George Howe was born in Frankton in the Waikato and attended schools from Whangarei to Te Teko. Howe was the first professional genealogist in New Zealand and his biographies have been widely acknowledged in The Dictionary of New Zealand Biography. Howe also co-ran the Genealogy Department of the Latter Day Saints of New Zealand (based in Auckland) for a few years up until his early death. Nikki Walker writes that during Howe’s life time "he compiled the records of thousands of his ancestors including many Māori." Howe was proud of his British, Scottish and Māori ancestry. "There are only three copies of his work on Māori biographies. One was placed by his family with the supervisors of the Polynesian department, Genealogical Society Salt Lake City, Utah for safekeeping. He spent more than 5 years researching and typing Māori achievers in all spheres of life. The work covers some 200 years of Māori history. It has sections on all Māori members of the House of representatives, Royal Honours, Government service, Māori Kings and Queens, Leaders of the Past, Women of note, 28th Māori Battalion, Māori Airmen, the Professionals, Scholars, Religion. [it is a] 200 page booklet." Howe’s son Daniel Howe states that a lot of his unfinished writing became source material for other historians including Michael King. He also had a lengthy manuscript on the Tainui people which is stored at the Auckland Museum. This is based on the period of his English ancestors’ arrival in Kawhia in the 1820s through to the Waikato wars and beyond.
Biographical sources
- Email correspondence from Daniel Howe 8 and 9 July 1998.

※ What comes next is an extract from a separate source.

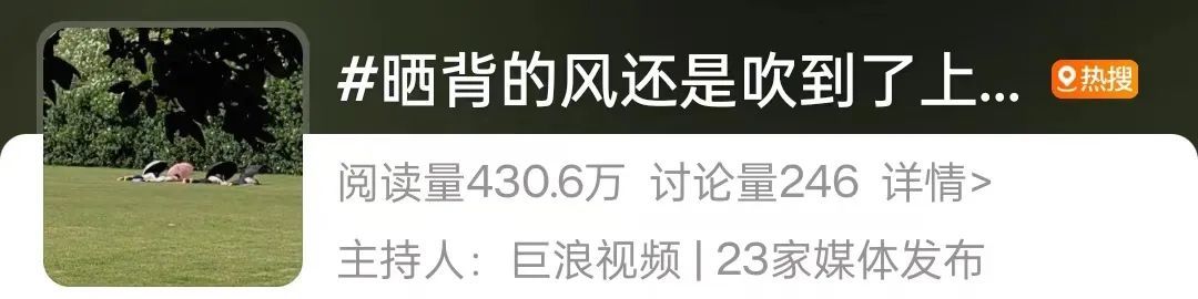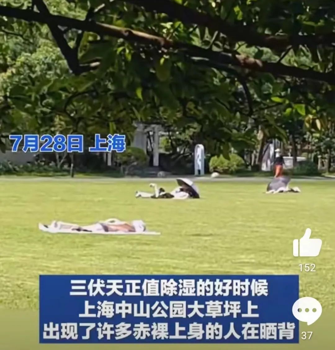 近日,上海中山公园大草坪上,出现了许多赤裸上身的人在晒背。网友直呼,晒背的风还是吹到了上海,在魔都的公园晒背好city啊。

- Te Iwi o Aotearoa 27 (1989): 20.
Biography
- Walker, Nikki. "Māori Biographies Compiled by George F Kiwi Howe 1960." Te Iwi o Aotearoa 22 (1989): 12.
- Walker provides background information to George Kiwi Howe’s extensive collection of biographies of key Māori identities. She reproduces his texts on Titokowaru and Whetu Marama Tirikatene.
- Walker, Nikki. "Māori Biographies Compiled by George F Kiwi Howe 1960." Te Iwi o Aotearoa 24 (1989): 17.
- Walker produces the text of Howe’s biography of Sir Apirana Ngata.
- Walker, Nikki. "Māori Biographies: Compiled by George F Kiwi Howe 1960." Te Iwi o Aotearoa 25 (1989):7.
- In this article, Walker writes of Te Iwi o Aotearoa’s project to publish the work of genealogist George Kiwi Howe (1917-1962). She calls for other contributions from ‘150 years of achievers under British rule’. Walker also provides an edited version of Howe’s biography of Sir Maui Pomare.
- Walker, Nikki. "Māori Biographies Compiled by George F Kiwi Howe 1960." Te Iwi o Aotearoa 26 (1989): 22.
- Walker includes an edited version of Howe’s biographical notes of Te Puea Herangi.
- Walker, Nikki. "Māori Biographies Compiled by George F Kiwi Howe 1960." Te Iwi o Aotearoa 27 (1989): 20.
- Walker writes of the proposed publication of George Howe’s Māori Biographies and of Te Iwi o Aotearoa’s plan to supplement Howe’s work with biographies of other Māori achievers up to the year 1990. Walker includes two of Howe’s biographies in this article: that of musician and composer Walter Smith and that of famous rugby player George Nepia.
Non-fiction
- Trace Your Own Ancestry. Utah: Desert, 1963.
- From Kent to Kawhia. Auckland, N.Z.: G. P. Howe, 1983.
- Compiled by Gwen P. Howe and the late George Howe.
Other
- "Richard Gavin McIntyre (Tiki Paaka)." Te Ao Hou 36 (1961): 4.
- Howe writes a biography of Te Arawa ‘Dick’ Park who studied at Te Aute College with Sir Apirana Ngata and Sir Peter Buck and who completed further studies at Victoria University. Park worked in the Land Court and travelled extensively with Elsdon Best and acted as a Māori Interpreter for the Commission that examined the land titles of 600,000 acres of Urewera land.